__What you have to do__: In the entries below, the lines from the one with "7然后趁巧克力没干之前铺上花生仁,待完全冷却后切长条即可食用。" through the one with "Việc in mất" are to be copied exactly; both ends count.

[Opening Records for this exercise section]

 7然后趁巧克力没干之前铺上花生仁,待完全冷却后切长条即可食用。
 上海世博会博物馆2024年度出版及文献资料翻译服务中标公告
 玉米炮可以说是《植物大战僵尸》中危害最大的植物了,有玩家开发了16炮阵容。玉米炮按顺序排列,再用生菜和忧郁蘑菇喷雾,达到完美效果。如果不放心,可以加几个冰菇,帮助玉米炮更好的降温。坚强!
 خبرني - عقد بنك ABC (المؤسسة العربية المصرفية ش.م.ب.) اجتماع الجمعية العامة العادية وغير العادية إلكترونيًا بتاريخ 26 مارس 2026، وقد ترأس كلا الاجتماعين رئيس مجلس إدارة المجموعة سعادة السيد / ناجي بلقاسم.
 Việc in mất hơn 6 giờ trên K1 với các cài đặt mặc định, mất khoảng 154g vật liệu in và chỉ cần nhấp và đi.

[Closing Records for this exercise section]
[Opening Records for this exercise section]

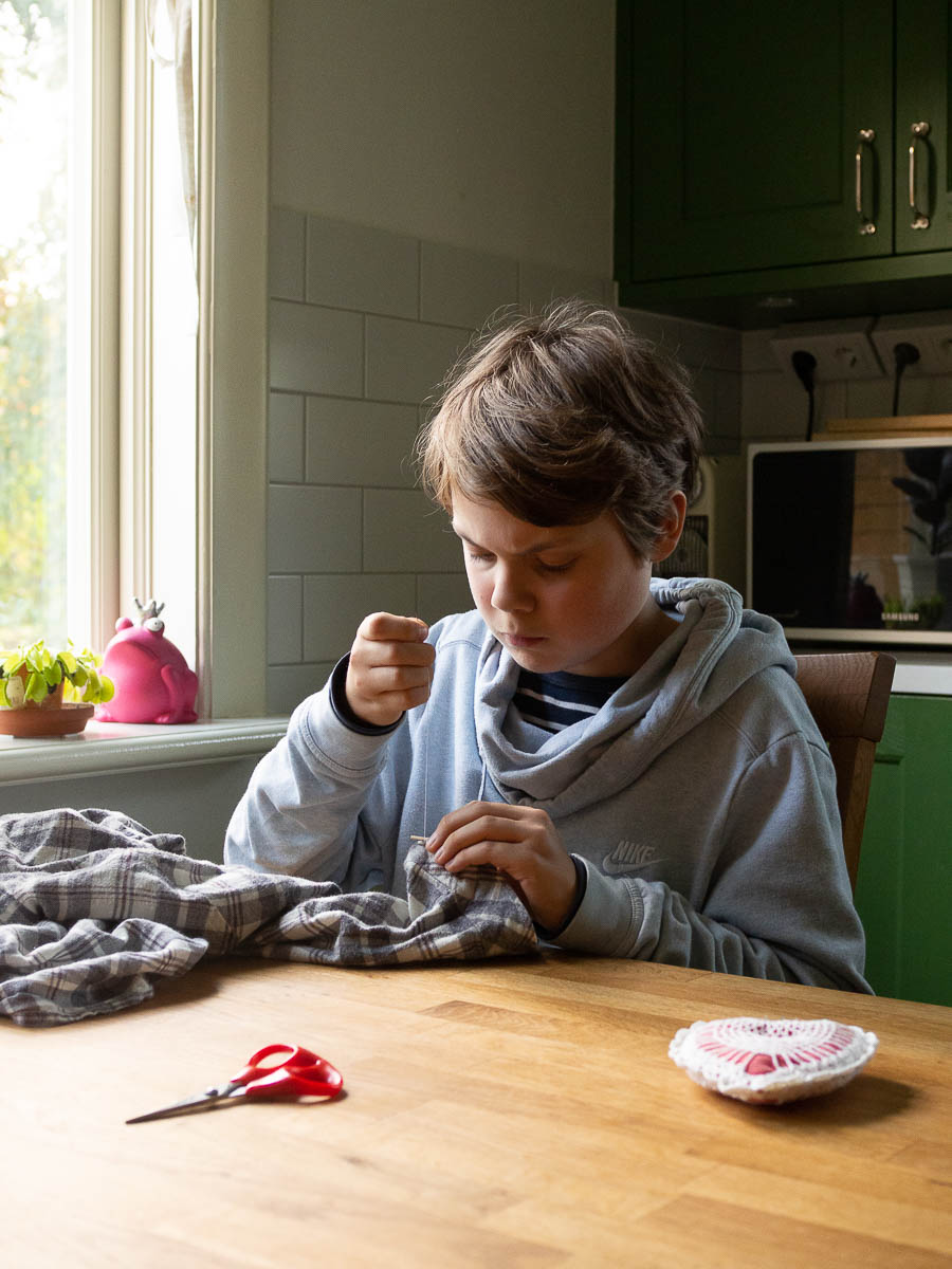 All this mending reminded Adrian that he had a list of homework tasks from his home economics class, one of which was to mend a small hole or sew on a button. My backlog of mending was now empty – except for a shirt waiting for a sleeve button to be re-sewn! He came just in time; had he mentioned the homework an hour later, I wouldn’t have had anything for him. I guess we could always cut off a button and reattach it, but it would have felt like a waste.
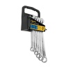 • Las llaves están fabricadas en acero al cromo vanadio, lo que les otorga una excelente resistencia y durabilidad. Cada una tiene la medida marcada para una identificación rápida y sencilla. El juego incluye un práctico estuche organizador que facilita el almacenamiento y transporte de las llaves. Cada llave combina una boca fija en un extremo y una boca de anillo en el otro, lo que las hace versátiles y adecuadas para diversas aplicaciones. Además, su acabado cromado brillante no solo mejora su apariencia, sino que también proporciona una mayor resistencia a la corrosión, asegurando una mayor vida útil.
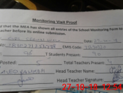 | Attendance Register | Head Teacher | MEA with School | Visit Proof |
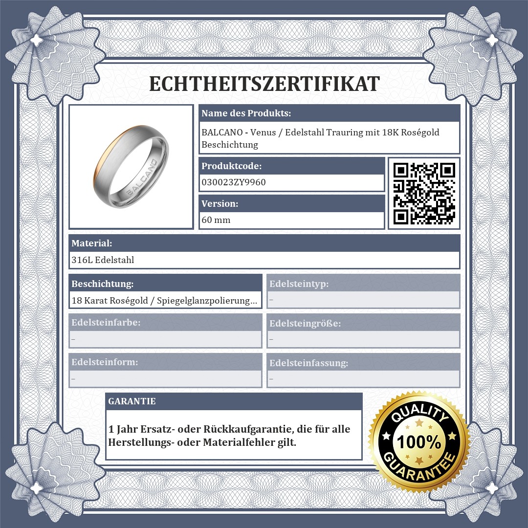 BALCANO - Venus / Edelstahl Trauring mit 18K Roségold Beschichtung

[Closing Records for this exercise section]

__Output of the task__:
 7然后趁巧克力没干之前铺上花生仁,待完全冷却后切长条即可食用。
 上海世博会博物馆2024年度出版及文献资料翻译服务中标公告
 玉米炮可以说是《植物大战僵尸》中危害最大的植物了,有玩家开发了16炮阵容。玉米炮按顺序排列,再用生菜和忧郁蘑菇喷雾,达到完美效果。如果不放心,可以加几个冰菇,帮助玉米炮更好的降温。坚强!
 خبرني - عقد بنك ABC (المؤسسة العربية المصرفية ش.م.ب.) اجتماع الجمعية العامة العادية وغير العادية إلكترونيًا بتاريخ 26 مارس 2026، وقد ترأس كلا الاجتماعين رئيس مجلس إدارة المجموعة سعادة السيد / ناجي بلقاسم.
 Việc in mất hơn 6 giờ trên K1 với các cài đặt mặc định, mất khoảng 154g vật liệu in và chỉ cần nhấp và đi.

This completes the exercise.